Angus × Simmental steers (n = 5; initial BW = 417 ± 21 kg) were surgically fitted with rumen cannulae 4 mo before the initiation of this study. Steers were gradually adapted over 3 wk from a forage to a concentrate diet containing 40% MWDGS, 35% dry, cracked corn, 20% untreated ground CS, and 5% vitamin-mineral supplement (DM basis). Steers were randomly assigned to 1 of the 5 treatment diets from Exp. 1 (Table 2). Steers were fed in a 5 × 5 Latin square design for 90% of ad libitum intake. Diets were individually mixed in a paddle mixer (model SPC-2436, Marion Mixers Inc., Marion, IA) daily before feeding at 0900.


View Full Table | Close Full ViewTable 2.

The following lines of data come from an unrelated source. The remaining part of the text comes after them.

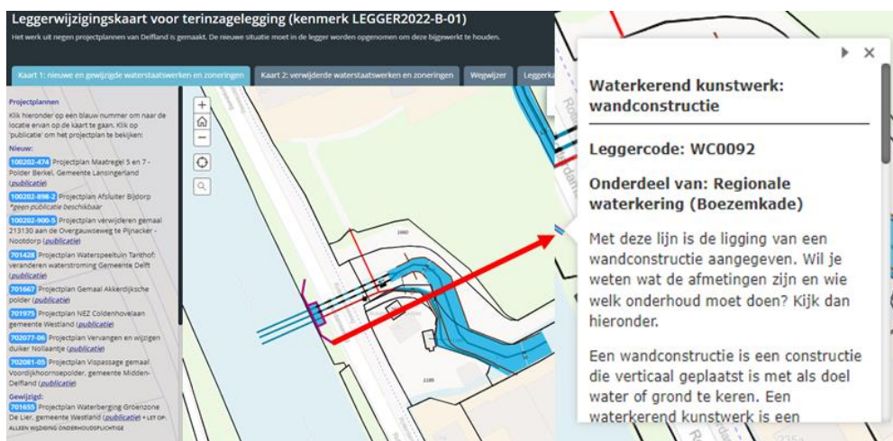
Figuur 1: Voorbeeld weergave van de interactieve leggerwijzigingskaart

Een voorbeeld van de werking van de leggerwijzigingskaart is weergegeven in Figuur 1.
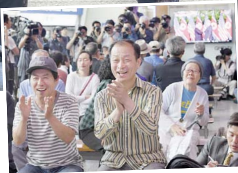
Историјски потпис на мировном документу председника Доналда Трампа и Ким Јонг Уна
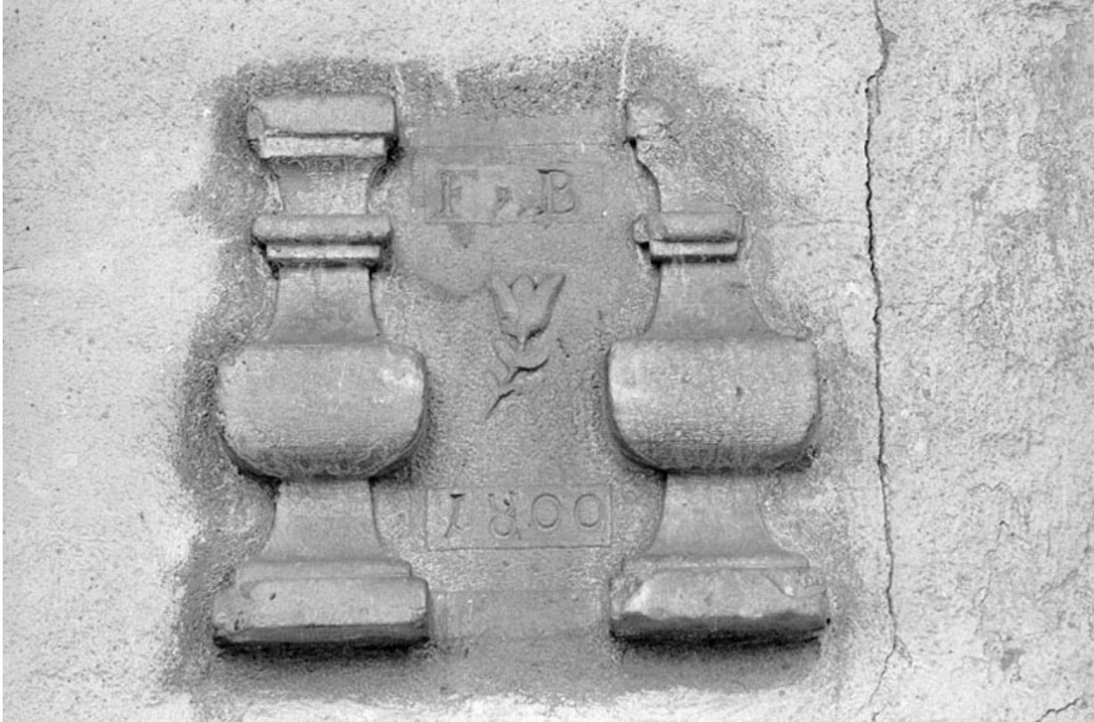
Pierre sculptée (remplacée) sur le bâtiment de nettoyage et d'embouteillage en 1980. SRI. Enquête régionale sur les bâtiments industriels (1979-1981).

90, Lachapelle-sous-Rougemont, 4, 6 rue du Général de Gaulle
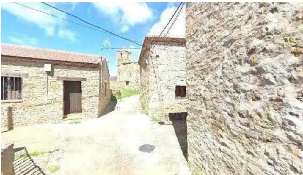
Iglesia de san martin donde
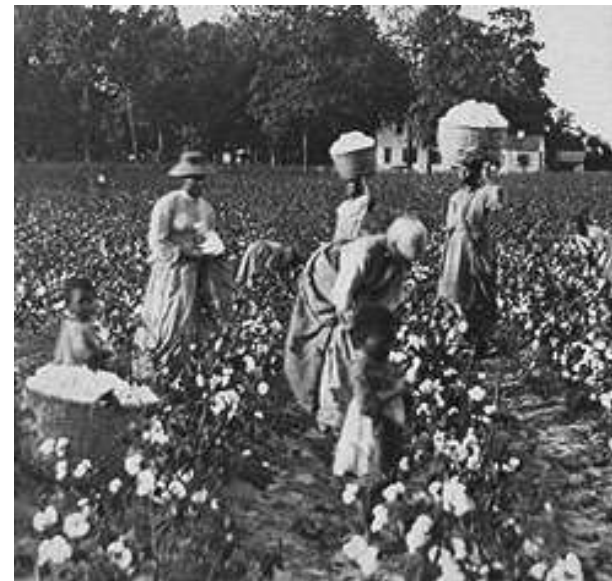
Schiavi al lavoro nei campi di cotone
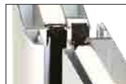
WANDUNGSSTÄRKE BIS 3 MM
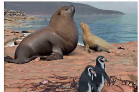
HABÍA MÁS FOCAS QUE LOBOS MARINOS Y GRANDES PINGÜINOS.

Así, el estudio confirmó que hasta hace 3 millones de años la temperatura del mar superficial del norte chileno era de unos 17.1 °C promedio, lo que es entre 3 y 4 grados más cálida que lo estimado durante el Pleistoceno, hace unos 800.000 años. Esto se asemeja más a las aguas actuales de Perú.
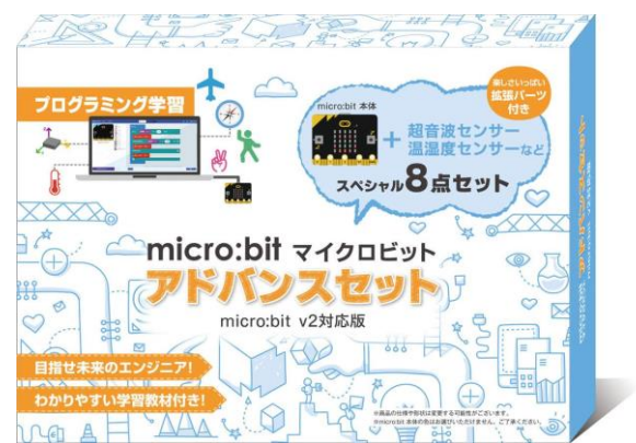
STEAM教材/micro:bit アドバンスセット

Diets and analyzed nutrient composition of diets fed to steers in Exp. 2

 
Dietary Treatment1
Item CON BGCS 5 EXCS 4,1 EXCS 3,2 EXCS
Ingredient, % DM basis
    MWDGS 35 40 40 40 40
    Dry-cracked corn 55 35 35 35 35
    Corn stover 5 20 20 20 20
    Supplement2 5 5 5 5 5
Analyzed composition, % DM basis
    NDF 22.20 25.13 26.44 26.12 27.01
    ADF 10.55 15.75 16.38 16.29 14.82
    CP 14.68 14.71 14.62 14.74 14.78
    Fat 4.90 4.37 4.47 4.69 4.86
    Ca 0.56 1.64 1.68 1.25 1.13
    P 0.43 0.41 0.42 0.44 0.43
    S 0.28 0.32 0.33 0.33 0.31
    Ash 4.66 7.88 8.43 8.09 7.77
1CON = 55% corn and 5% untreated-ground corn stover on DM basis (corn control). BGCS = corn stover hydrated to 50% moisture and treated with 5% CaO. 5 EXCS = corn stover hydrated to 50% moisture, treated with 5% CaO, and then extruded. 4,1 EXCS = corn stover hydrated to 50% moisture, treated with 4% CaO and 1% NaOH, and then extruded. 3,2 EXCS = corn stover hydrated to 50% moisture, treated with 3% CaO and 2% NaOH, and then extruded. All extruded corn stover blends were processed using a dual-shafted, encased processor (Readco Kurimoto Continuous Processor, York, PA).
2Supplement formulated to contain (DMB): ground corn, 60.76%; limestone, 34.19%; swine trace mineral salt, 2.23% (85% salt, 2.57% Fe, 2.86% Zn, 5,710 mg Mn/kg, 2,290 mg Cu/kg, 100 mg I/kg, 85.7 mg Se/kg); ADEK vitamin mix, 0.22% (680,400 IU Vit A/kg, 68,040 IU Vit D3/kg, 9072 IU Vit E/kg, 453.5 IU Vit K/kg, 3.63 mg Vit B12/kg, 907.2 mg riboflavin/kg, 2494.8 mg d-pantothenic acid/kg, 3402 mg niacin/kg, 29,461 mg Choline/kg); Tylan 40, 0.25% (88 g tylosin/kg of DM, Elanco Animal Health, Greenfield, IN); Rumensin 80, 0.34% (176 g monensin/kg of DM, Elanco Animal Health); Thiamine 40, 0.21% (88g thiamine mononitrate/kg of DM, ADM Alliance Nutrition, Inc., Quincy, IL); copper sulfate, 0.11%; fat 1.69%.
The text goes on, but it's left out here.